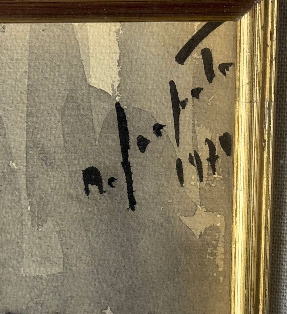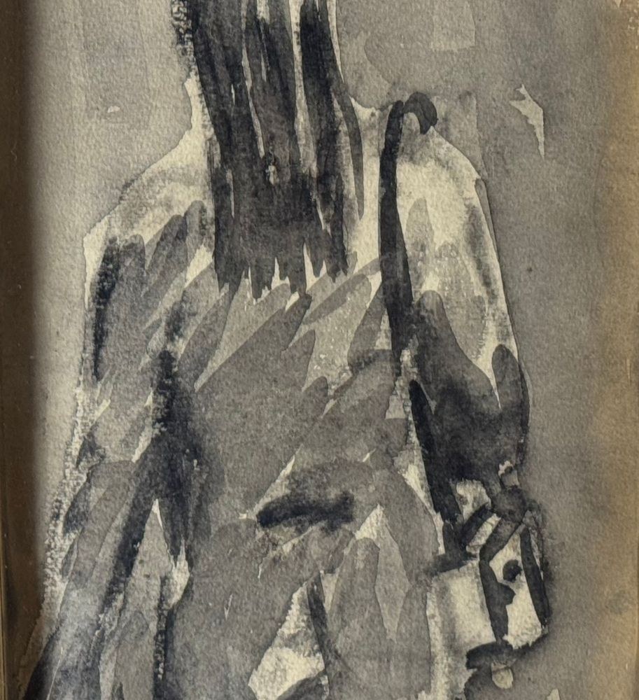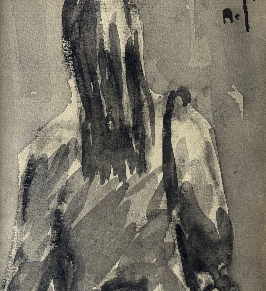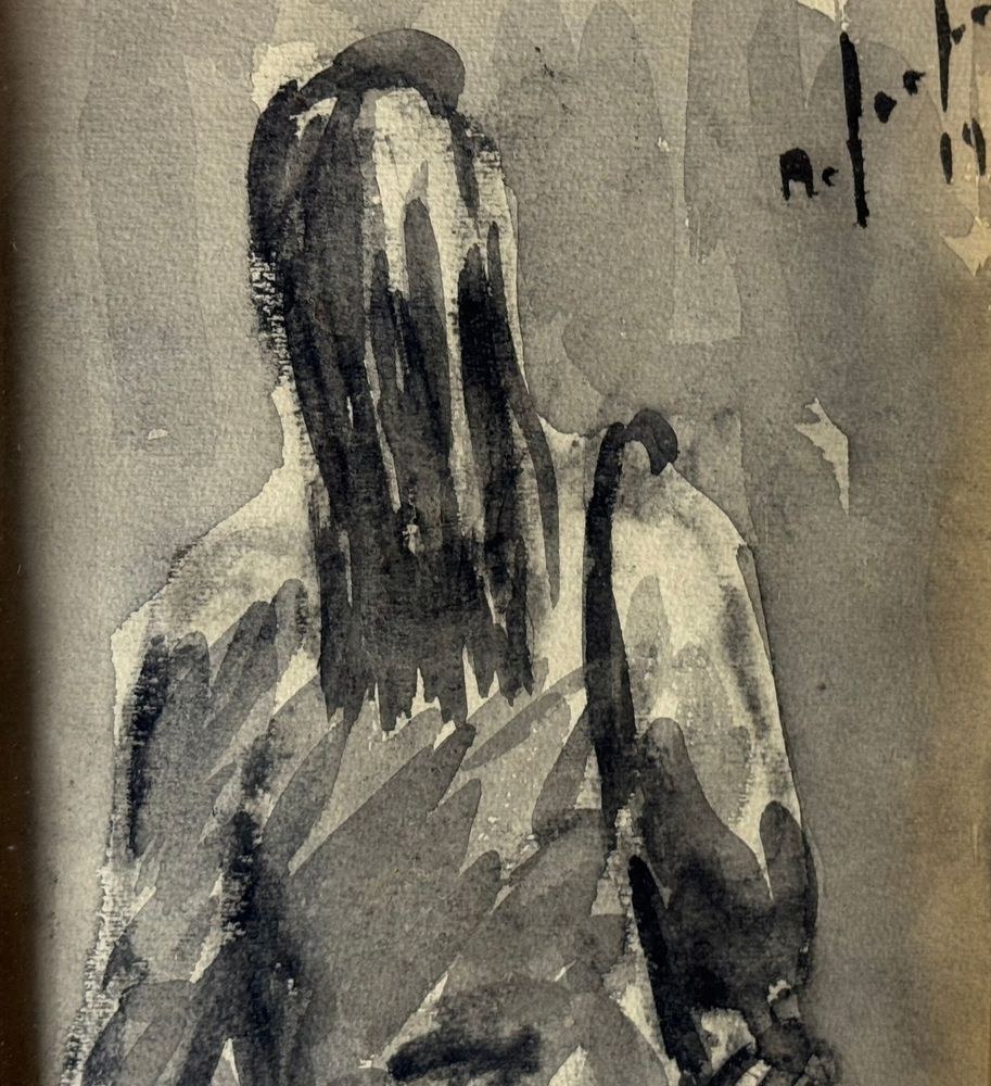 Watercolor painting on paper, 20th century period, Italian school, depicting a Portrait of a Woman from Behind. Dimensions including frame: 35x64 cm. Dimensions without frame: 18x48 cm. Signed in the upper right corner by an unidentified artist. The work is in good condition.
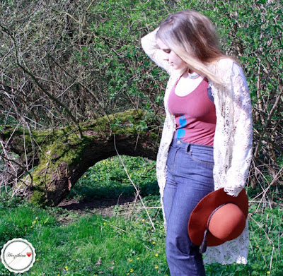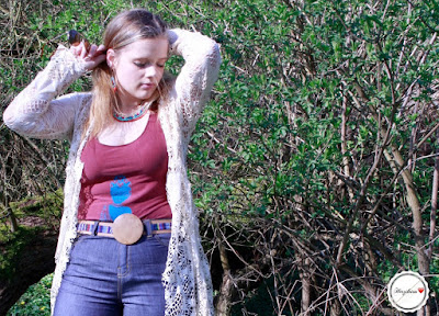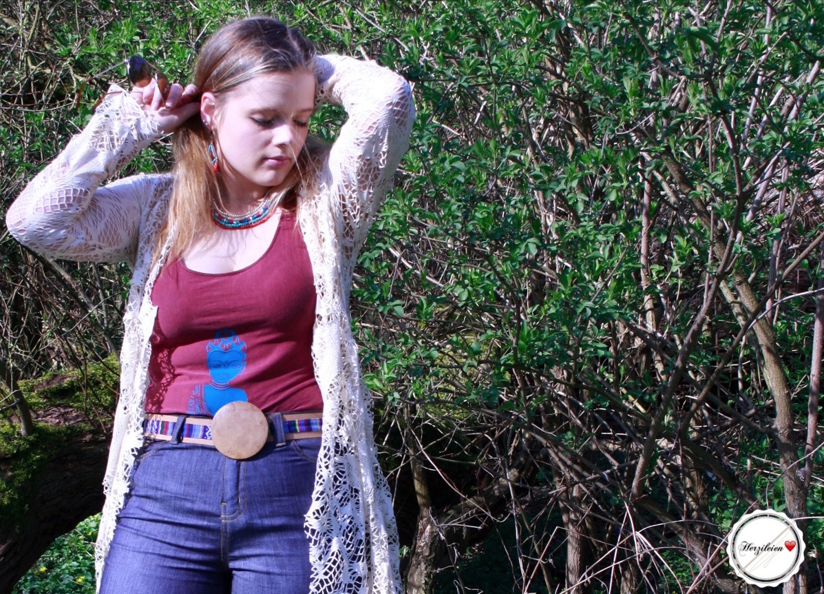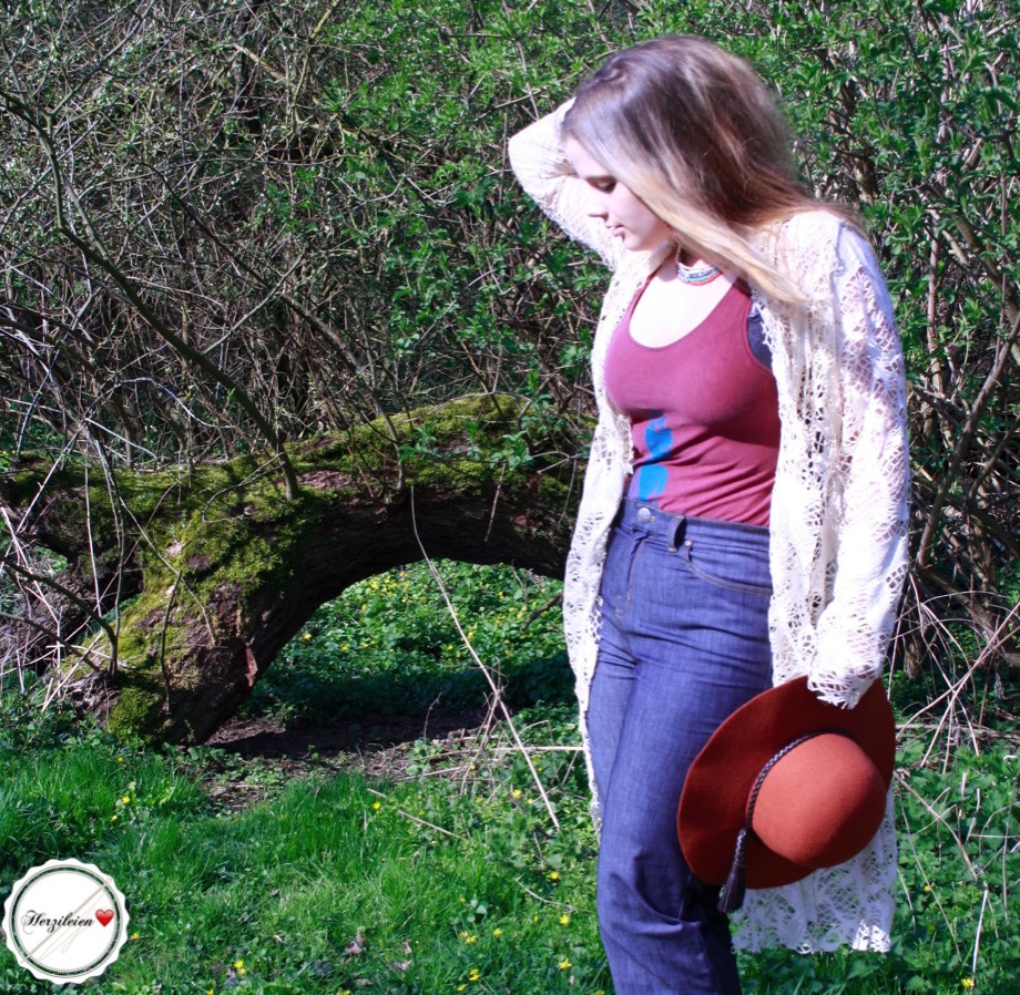 Eigentlich gibt gerade dieser Cardigan meinem Outfit den Hippie-Touch, der Netzjersey, der mit seiner Spitzenoptik so schön zipfelig fällt, so umspielt und etwas wie gehäkelt anmutet, der Schnitt und vorallem die Länge des Cardigans. In der Länge habe ich für diesen Look tatsächlich 30cm zugegeben, denn der Schnitt den ich verwendet habe ist eigentlich eine Jacke im modernen Stil, die aus einem anderen Material bürotauglich bis sofakuschelig sein könnte. Erstaunlich, was das Material für den Look doch ausmacht.
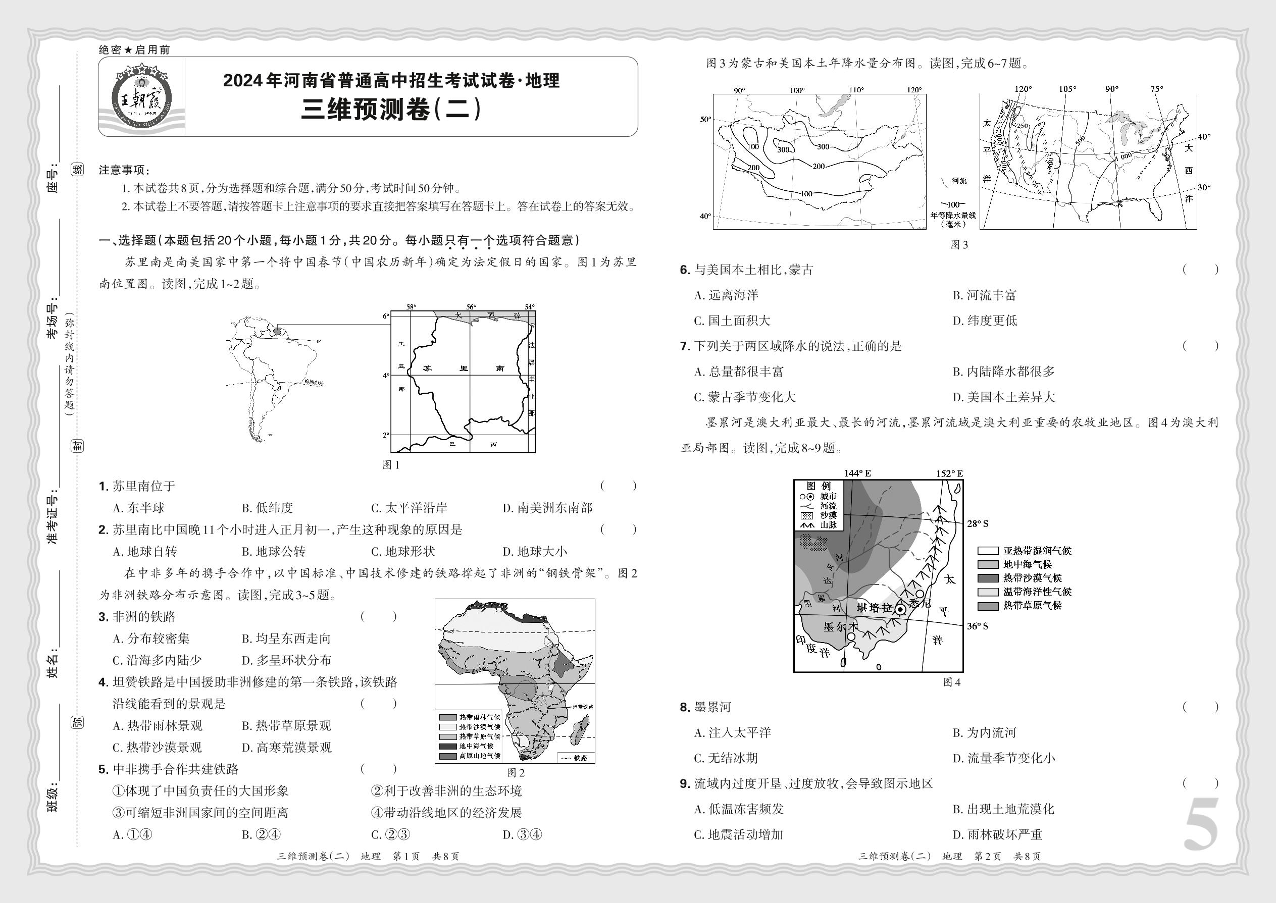 2024年河南省普通高中招生考试试卷·地理 三维预测卷(二)

> **ABOUT THIS TASK**
Everything in the material above should be reproduced exactly, except the pictures.

> **RESPONSE TO THIS TASK**
 Watercolor painting on paper, 20th century period, Italian school, depicting a Portrait of a Woman from Behind. Dimensions including frame: 35x64 cm. Dimensions without frame: 18x48 cm. Signed in the upper right corner by an unidentified artist. The work is in good condition.
 Eigentlich gibt gerade dieser Cardigan meinem Outfit den Hippie-Touch, der Netzjersey, der mit seiner Spitzenoptik so schön zipfelig fällt, so umspielt und etwas wie gehäkelt anmutet, der Schnitt und vorallem die Länge des Cardigans. In der Länge habe ich für diesen Look tatsächlich 30cm zugegeben, denn der Schnitt den ich verwendet habe ist eigentlich eine Jacke im modernen Stil, die aus einem anderen Material bürotauglich bis sofakuschelig sein könnte. Erstaunlich, was das Material für den Look doch ausmacht.
 2024年河南省普通高中招生考试试卷·地理 三维预测卷(二)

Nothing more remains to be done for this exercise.